Return of Paper Standard

Over the past few weekends, Regional Championships in Japan, Europe, and a few other regions of the world have taken place, marking the first real big return of paper Standard after the pandemic.

Throughout the MPL era and subsequent lockdowns all around the world, Standard ended up in, well, not a good place.

Oko, Thief of CrownsOnce Upon a TimeFires of InventionWilderness Reclamation

Many reasons for that – seemingly endless strings of bannings starting with Throne of Eldraine didn’t stop for a while. MPL used to be one of the main modes of Standard competition isolated players outside of that system, and the lack of paper tournaments left people with no incentive to play the format at a competitive level.

At Pro Tour Phyrexia, I finished in 35th place with a 10-6 record, earning an invitation for the next upcoming Pro Tour in Minneapolis in May(I also recorded my trip as a vlog here!).
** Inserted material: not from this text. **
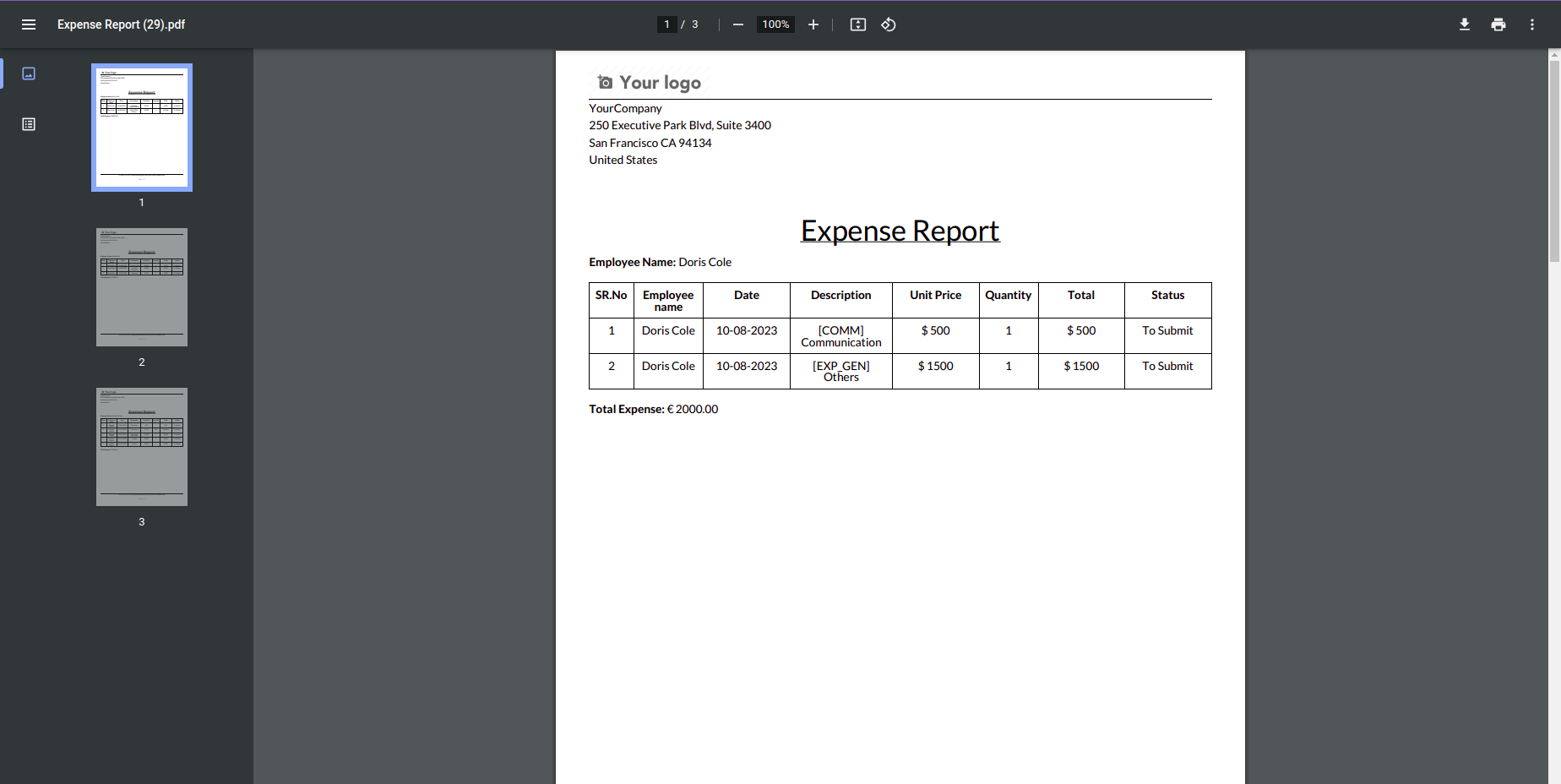 This application facilitates the printing of employee reports, offering the admin the flexibility to generate multiple expense reports using custom dates. Additionally, the admin can print reports based on various status categories, such as to submit, submitted, approved, paid, refused, or view all reports.
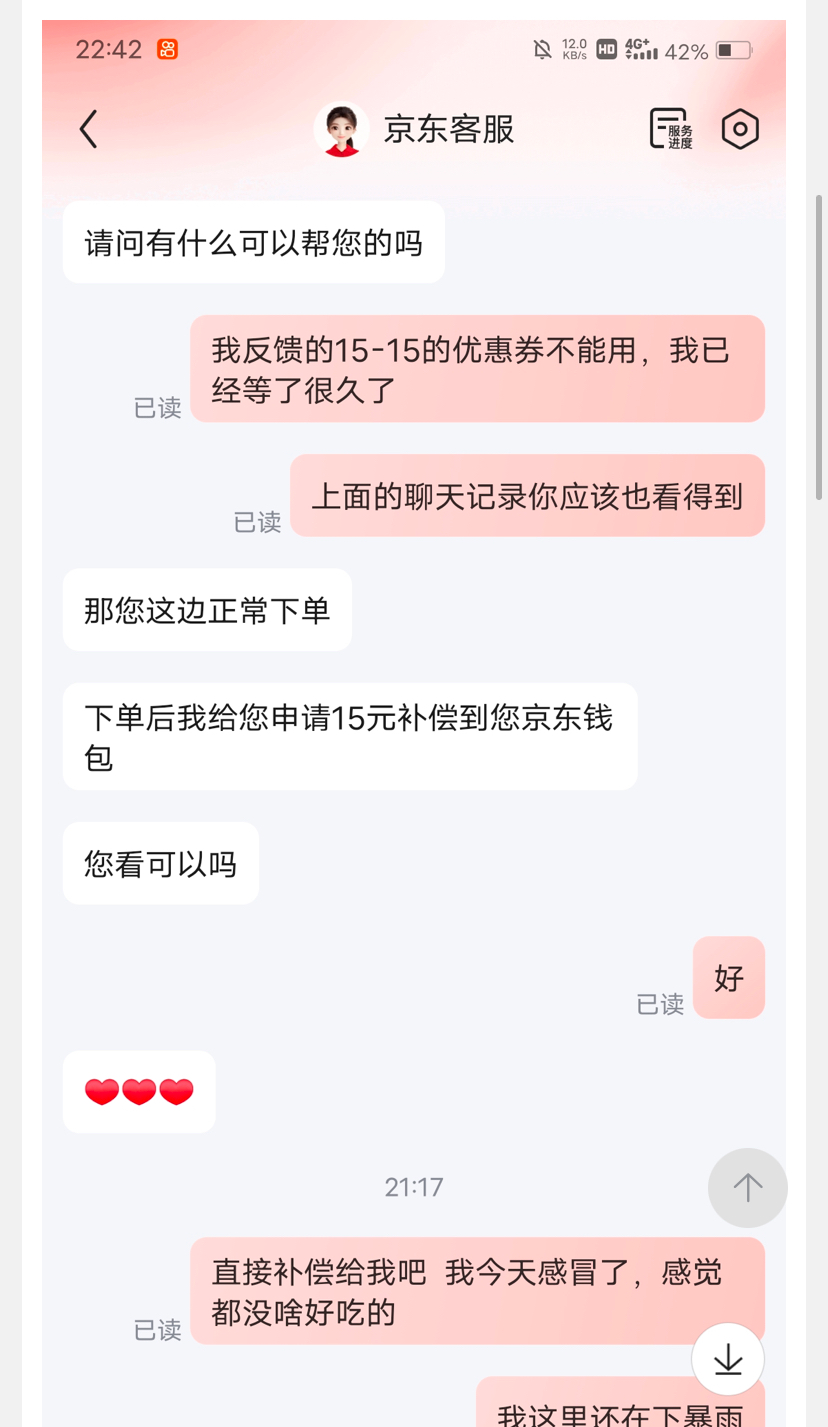 然后找客服说领取了不能用,怎么回事,把第3张图发给他,直接补偿15现金,24小时内到账。

Under the current Organized Play system, the main incentive to play at a Regional Championship is the available Pro Tour Qualification. Already having one, my motivation for preparation for this tournament wasn’t the highest. Regardless of that, I spent almost a good week of streaming on diving into Standard after not actively following the format for a long time and I’ve got some thoughts to share!

Sheoldred, the ApocalypseFable of the Mirror-BreakerInvoke Despair

First of all, Standard seemed, for the most part, fun. Gameplay seems pretty deep and interesting, even if the dominant strategy seems to be playing a low-synergy high-card quality midrange deck – a pretty evergreen problem in Standard formats, to be honest.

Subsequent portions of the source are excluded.